Watching opinions change

The 80’s had a clear aesthetic. I can’t imagine that the people living at that time were thinking to themselves at that time “my god, we are so corny right now!”, but that is how many people feel about it retrospectively. I find all this fascinating. The stuff we find great now will look awful in a few years. My go to example of this is usually the film ‘the crow’, but I think that I have blogged about that before. The long and short of that anecdote is that I have rewatched the ‘the crow’ and found it camp and pretty laughable, despite it being a movie i watched obsessively as a kid.

Well, ‘the crow’ can back down, I have a new example. And this time I think I am ahead of the curve on this sentiment. I think soon everyone is going to feel this way about this movie.

The movie is ‘Fight Club’.

The much beloved Fight Club is about a disaffected person who, unable to find meaning in a capitalist consumerist society, begins beating up first himself and ultimately others, until he becomes an anarchist and does a terrorism. This more or less describes both the movie and the book that spawned it, but for the rest of this post we are going to focus on the movie. Why? well, one scene in particular.

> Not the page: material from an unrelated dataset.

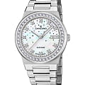 Женские наручные часы Candino Lady Elegance Sparkling Date C4749/1 с надёжным кварцевым механизмом. Корпус и браслет часов изготовлены из нержавеющей стали. Сапфировое стеклоСапфировое стеклоПрочный и надёжный материал из кристалла сапфира синтетического происхождения, характеризующийся особой твёрдостью и устойчивостью к царапинам и повреждениям. повышенной прозрачности, устойчивое к мелким механическим повреждениям. Стальной браслет на раскладной застёжкеРаскладная застёжкаТакой тип застёжки используется только на браслетах из металла. Она никогда не раскрывается полностью, происходит разделение на 2 и более частей. Раскладывающая застёжка снизит вероятность потери часов к минимуму.. Стрелки и метки с люминесцентным покрытиемЛюминесцентное покрытиеПозволяет считывать показания времени в темноте. Производители наносят на стрелки, часовые индексы, безель или поверхность циферблата светонакопительный состав, дающий холодное свечение.. Перламутровый циферблат с россыпью звёзд и безельБезельВнешний ободок, закрепляющий стекло. В спортивных часах так называется поворотное кольцо с делениями на циферблате, выполняет роль таймера – замеряет отрезки времени на шкале. Неподвижный безель – элемент декора. Однонаправленно вращающийся безель на дайверских часах позволяет фиксировать моменты погружения и выныривания на поверхность. инкрустированы цирконами. Класс водозащиты: 50 метров, позволит защитить корпус от случайных брызг или капель дождя. Окошко даты находится в положении 3 часа.

There is a famous anti-consumerist scene in the movie, where the camera pans over the protagonists apartment and all the furniture sprouts IKEA labels, and the narrator cries woe over the fact none of this stuff is authentic. Woe is him.

I think that resonated with all of us. We wanted authentic lives! We didn’t want meaningless IKEA crap! We wanted to be counter-cultural, anti-establishment, all that jazz. This was really speaking to us – well, minus some of the crazy stuff.

Fast forward to now. I’ve lost count of how many recessions I have lived through. I can’t afford IKEA. I can’t afford much of anything. I am not alone. Many people of my generation still live at home with their parents. Inauthentic apartment filled with crap? Yes, please! If only.

The protagonist of fight club works a horrible, soul-grinding job that gives him no satisfaction except the fat, fat paycheck. The job literally has the protagonist turn real human beings into nothing but numbers. But again, he does have a really nice apartment. In 2023, we still have the horrible jobs, but we don’t get the IKEA apartment.

I want the IKEA apartment. There, I said it.

I have a soul grinding job. I often reduce humans to numbers, and do other horrible things. But I don’t get the money. I want the money. I will likely never retire. The funds aren’t there. As I write this, I don’t have it all that bad compared to other people these days. Still, I watch the IKEA scene of Fight Club and a practically get an erection. And I don’t think I am alone.

In short, the meaninglessness of life is something we all have to cope with the. But lack of money is a true curse. We are all going to be looking at Fight Club soon and wondering what the fuck that spoiled shit was moaning about.